Do the Kansas City Chiefs Still Need to Add a Veteran Left Tackle?
The craziest days of NFL free agency have come and gone, and the Kansas City Chiefs have made one splash at wide receiver and bolstered their defense with familiar faces, but they haven't yet added to their offensive line. Specifically at left tackle, the Chiefs have thinned out, but they do have options before the NFL Draft arrives in late April.
Donovan Smith is still on the market after being KC's starting left tackle last season and 2023 third-round draft pick Wanya Morris is set to enter his second year after starting four games in Smith's absence last season. Could another available veteran be next up? Jordan Foote of Arrowhead Report and I take a closer look at the Chiefs' options to protect Patrick Mahomes's blindside.
Joshua Brisco: The best-case scenario for the Chiefs is that Wanya Morris is a long-term, above-average answer to their left tackle question. Entering his age-24 season, Morris won't have a salary cap hit higher than $2 million at any point in his four-year rookie contract. Even with center Creed Humphrey and right guard Trey Smith in the last year of their rookie deals, the Chiefs are currently spending the sixth-most salary cap space on the offensive line for 2024, according to Spotrac, due to the nearly $27 million allocated for left guard Joe Thuney and $24.725 million for right tackle Jawaan Taylor. Behind only Patrick Mahomes, Thuney and Taylor have the second- and third-highest cap hits of anyone on the team in 2024.
All that to reemphasize: the best thing for KC short-term and long-term is for Morris to be the guy. Does that mean they should enter training camp with Morris running unopposed? I'm not quite ready to say that either.
Jordan Foote: Morris deserves a chance to win the starting left tackle job, absolutely, but he can't win it by default. The Chiefs need to bring in some sort of competition for him, whether it be someone selected in the first three rounds of the NFL Draft or a free agent with question marks such as Mekhi Becton. Morris's performance was up-and-down in the four starts he made while relieving Donovan Smith, so I'm also not ready to say he's the clear-cut guy. Speaking of which... could reuniting with Smith simply be the answer? Running things back there for one more year wouldn't be the worst option. Is a veteran add more likely than another rookie?
Brisco: You've taken my least-exciting, most-reasonable option! Let's go back a few years, since we're here: I think many Chiefs fans largely over-criticized Orlando Brown Jr. and under-appreciated Smith, and I think both guys were always viewed through the lens of their cost and expectation. The Chiefs gave up a lot for Brown and he didn't deliver elite left tackle production. He did, however, start 39 games for the Chiefs in two years with one Super Bowl win. Again, not elite production, but he was largely pretty good. Smith, on a one-year, $3 million deal coming off an injured down-year, was also pretty good when he was healthy and available.

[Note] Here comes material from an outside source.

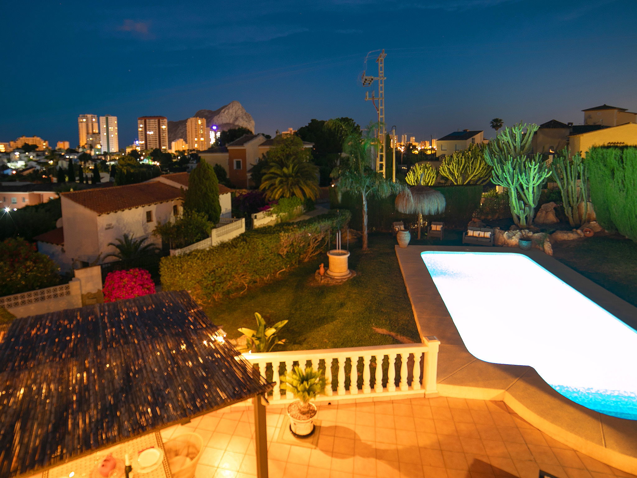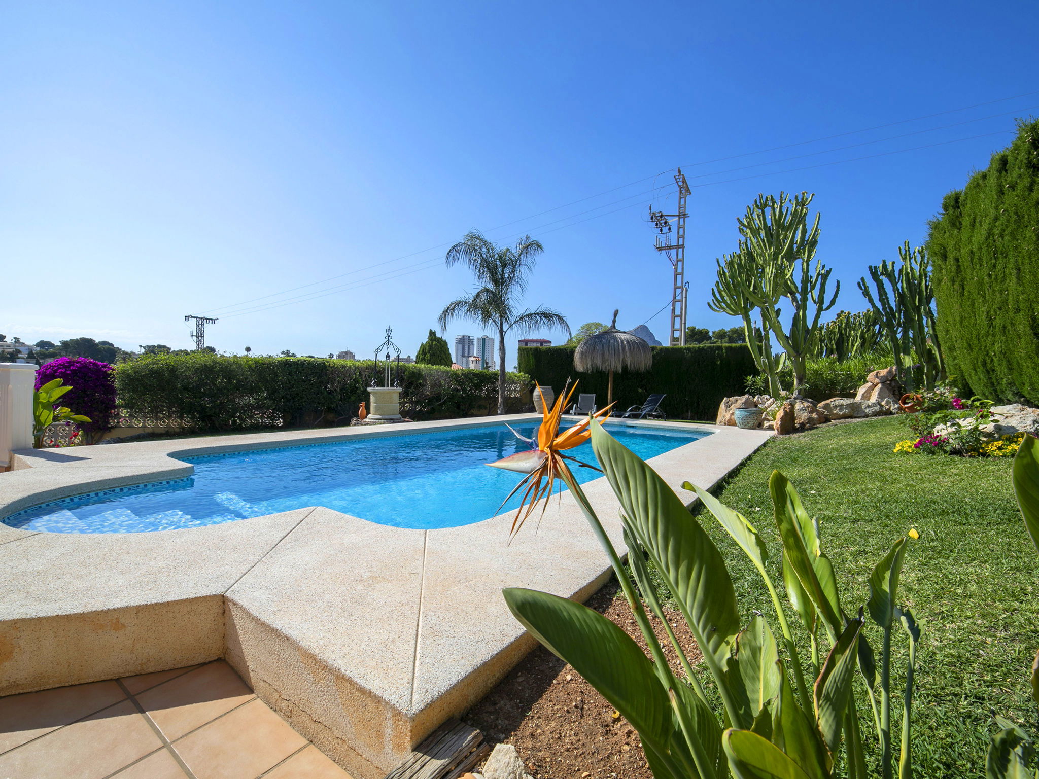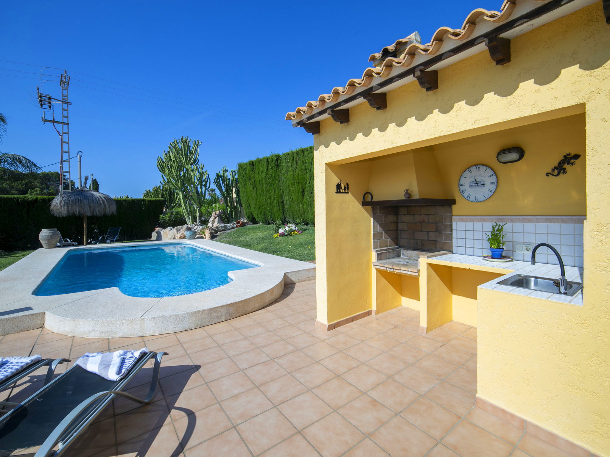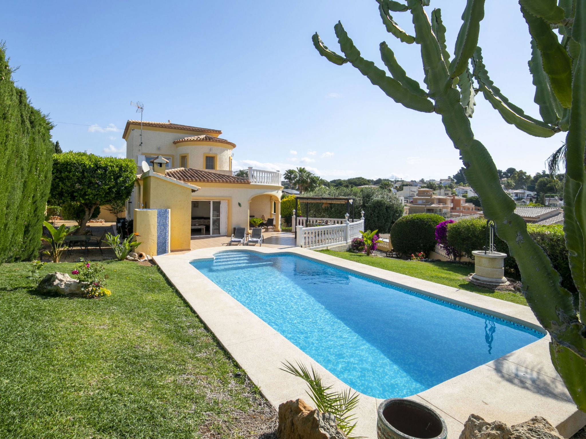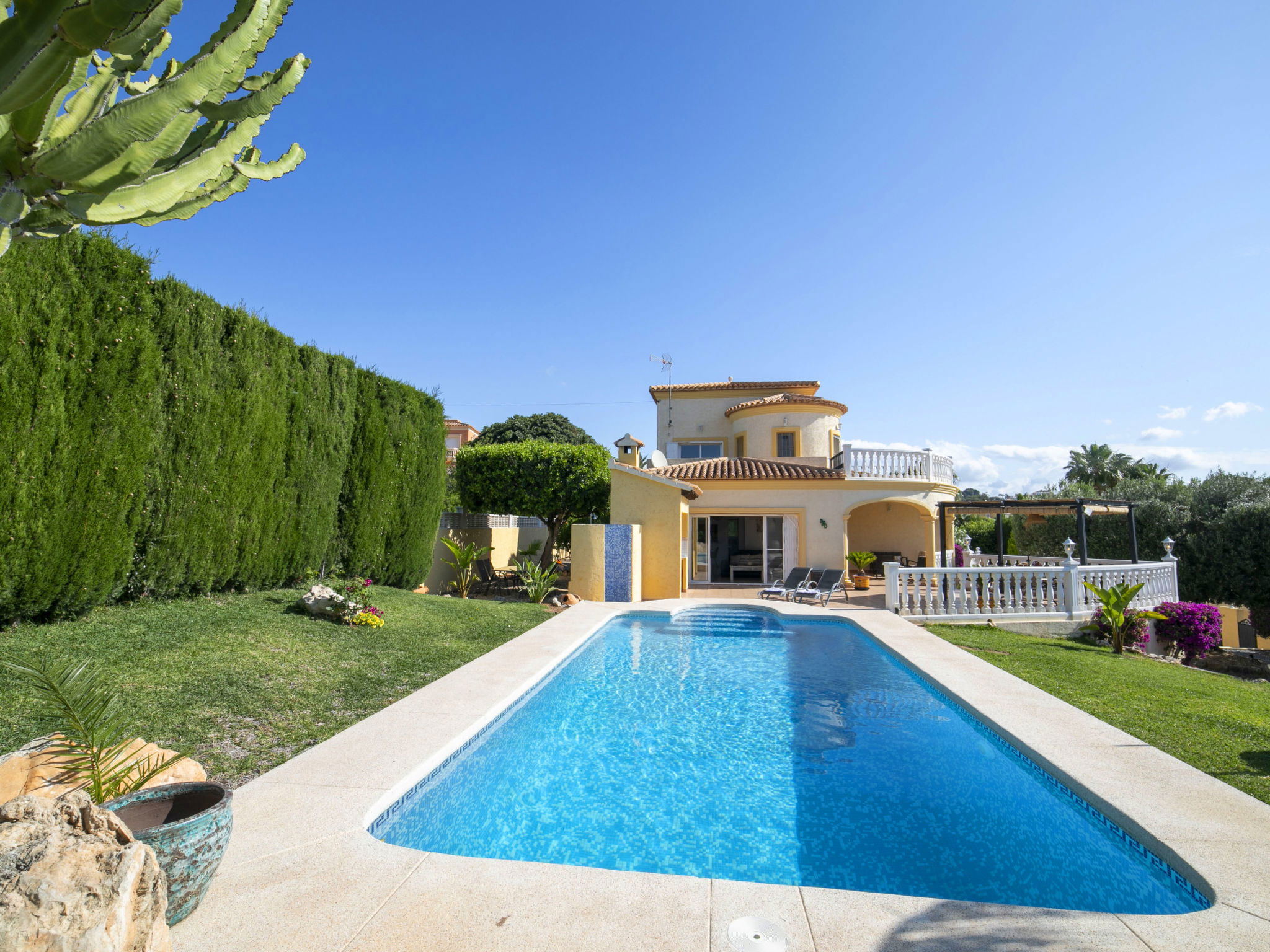 Costeres 1 km from Playa La Fossa: Large, child friendly house "Hawaii", 2 storeys. Outside the resort, 3 km from the centre of Calpe, in the district Costeres, in a quiet position residential area (villas), 900 m from the sea, from the beach. Private: property 800 m2 (fenced) with lawn, natural garden, swimming pool (8 x 4 m, depth 100 - 200 cm, seasonal availability: 01.Jan. - 31.Dec.) with internal staircase. Outdoor shower, garden furniture, barbecue, parking on the premises. Shop 1 km, grocery 1 km, supermarket 1 km, restaurant, bar, café 750 m, pub garden 750 m, 43 minute walk to the centre, bus stop "Bus Local" 750 m, sandy beach "Playa de la Fossa" 1.1 km, diving center 2.5 km, swimming bay 900 m. Sports harbour 2.5 km, marina 2.5 km, golf course (9 hole) 9.7 km, surf school 2.5 km, sailing school 2.5 km, tennis 2.5 km. Nearby attractions: Peñon de Ifach 2.5 km, Salinas de Calpe 2.3 km. Hiking paths: Siera de Olta 10.2 km, Sierra de Bernia 22.2 km, Sendero Calalga 900 m. Please note: suitable for families. Groups of teenagers on request only. Neighbourhood highly sensitive to noise. Quietness and good behaviour expected.

Elite left tackle play to protect the blindside of Patrick Mahomes would obviously be the best thing for the Chiefs, but elite left tackle play is expensive, either by free agent dollars or draft picks. I'd be comfortable with Morris, Smith, and perhaps another rookie tackle in the Round 3-5 range in the draft to refresh the developmental pipeline. They can't put a revolving door to the left of Mahomes, but bringing in a maximum number of feasible, sustainable options feels like the right path forward.
Foote: The salary cap situation also makes things a bit tricky. With Marquise "Hollywood" Brown factored in, as well as an eventual 2024 NFL Draft class and a bit of space for the rest of the offseason, Kansas City simply doesn't have a ton to offer a free agent financially. The catch-22 is that unless a rookie is selected in the first two rounds, adding a veteran almost has to be the plan. Blindly trusting Morris is too risky. The Chiefs weren't going to compete in the Tyron Smith sweepstakes at the price point he got, so all signs point to a contract similar to Smith's last year. Who are your picks there: Smith himself, or someone else?
Brisco: Smith still feels most likely and most low-risk, but of the veteran names other than Smith, Becton is my favorite fit for the Chiefs for totally different reasons. He only played one game in 2021 and missed all of 2022, but those injury red flags are easier to gamble on with a former No. 11 overall draft pick who will be entering his age-25 season after playing 16 games in 2023. I'm not predicting that he'd rise back to the levels of his original pre-draft hype, but general manager Brett Veach loves a highly-drafted reclamation project, and if Becton could take steps under often-praised offensive line coach Andy Heck, he has the highest ceiling you could ask for at what should be a reasonable cost. On the other hand, 32-year-old former Green Bay Packers left tackle David Bakhtiari has played in just 13 games in the last three seasons combined. Unless the Chiefs get massively optimistic reports about his medicals, I can't see them swinging for Bakhtiari.